Importantly, Jensen never fully embraced traditional stakeholder theory, which argues that corporations should serve employees, communities, customers, and society alongside shareholders. He remained skeptical of approaches that gave managers vague or conflicting objectives.
Yet he also recognized that companies could not succeed by ignoring stakeholders altogether. He eventually proposed what he called “enlightened value maximization,” an approach that acknowledged the importance of employees, customers, suppliers, and other groups while still emphasizing long-term enterprise value.
This evolution reflected a broader tension inside capitalism itself. Modern economies depend on competition, incentives, and financial markets. But they also depend on integrity, shared values, and social norms. Markets alone cannot create functioning institutions if the people inside those institutions lose their moral bearings.
Jensen’s late-career work represented an attempt to grapple with this tension without abandoning the analytical rigor that defined his earlier scholarship. That effort remains deeply relevant today.
Across the business world, debates continue over executive pay, shareholder primacy, stakeholder capitalism, and corporate purpose. Companies face growing pressure to balance profitability with social responsibility. Business schools increasingly teach ethics, sustainability, and leadership alongside accounting, finance, and economics.
Many of these debates trace back, directly or indirectly, to Michael Jensen’s ideas. What makes Jensen’s story particularly compelling is that he never stopped evolving. Some intellectuals spend their lives defending old positions. Jensen repeatedly challenged his own assumptions. Even after achieving enormous influence, he continued searching for better explanations of how organizations and markets actually work.
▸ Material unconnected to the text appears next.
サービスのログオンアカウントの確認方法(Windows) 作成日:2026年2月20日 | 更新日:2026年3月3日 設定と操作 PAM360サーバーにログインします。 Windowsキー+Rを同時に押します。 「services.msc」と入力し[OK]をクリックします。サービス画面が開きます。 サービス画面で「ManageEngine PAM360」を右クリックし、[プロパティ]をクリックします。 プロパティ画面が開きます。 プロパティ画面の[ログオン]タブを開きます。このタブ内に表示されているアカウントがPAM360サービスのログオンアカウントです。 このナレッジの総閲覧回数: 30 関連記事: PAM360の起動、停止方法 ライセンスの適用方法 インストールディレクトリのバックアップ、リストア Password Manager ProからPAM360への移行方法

Bartley Madden and Douglas Stevens emphasize this restless curiosity throughout their tribute. They portray Jensen not as a rigid ideologue, but as a thinker constantly trying to improve the theory of the firm by confronting its weaknesses.
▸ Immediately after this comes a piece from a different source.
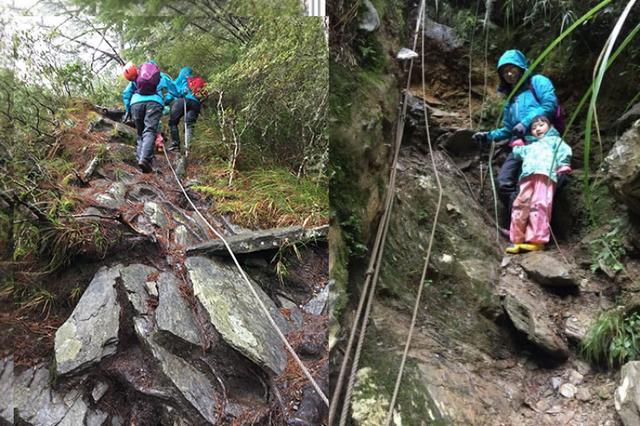 第二天行程,是輕裝登頂,此時這雙鞋完全展現(xiàn)其優(yōu)勢,在未負重的情況下,完全能展現(xiàn)其舒適性及止滑度。這一日風(fēng)雨交加,并未幫鞋子照特寫,但從以下照片可得知地形混雜艱困,從潮濕巨巖陡升陡降、渡溪及拉繩急上,穿著這鞋都能游刃有余。

That willingness to rethink foundational ideas may ultimately become one of his greatest legacies. Today, the corporation remains one of humanity’s most powerful institutions. Companies shape economies, technologies, cultures, and daily life. Understanding how they function is not merely an academic exercise. It affects millions of workers, investors, consumers, and communities.
Michael Jensen devoted his life to understanding how corporations work and create value for capitalist society. In the process, he helped transform finance into a modern scientific discipline. He influenced generations of executives and scholars. He reshaped corporate governance and executive compensation. And late in life, he attempted something even more difficult: reconnecting economics with questions of integrity, leadership, and human purpose.
Whether one agrees with all of his conclusions or not, Jensen’s intellectual journey offers an important lesson. Economic systems are ultimately built on human behavior. Incentives matter. Markets matter. But integrity, shared values, and social norms matter too.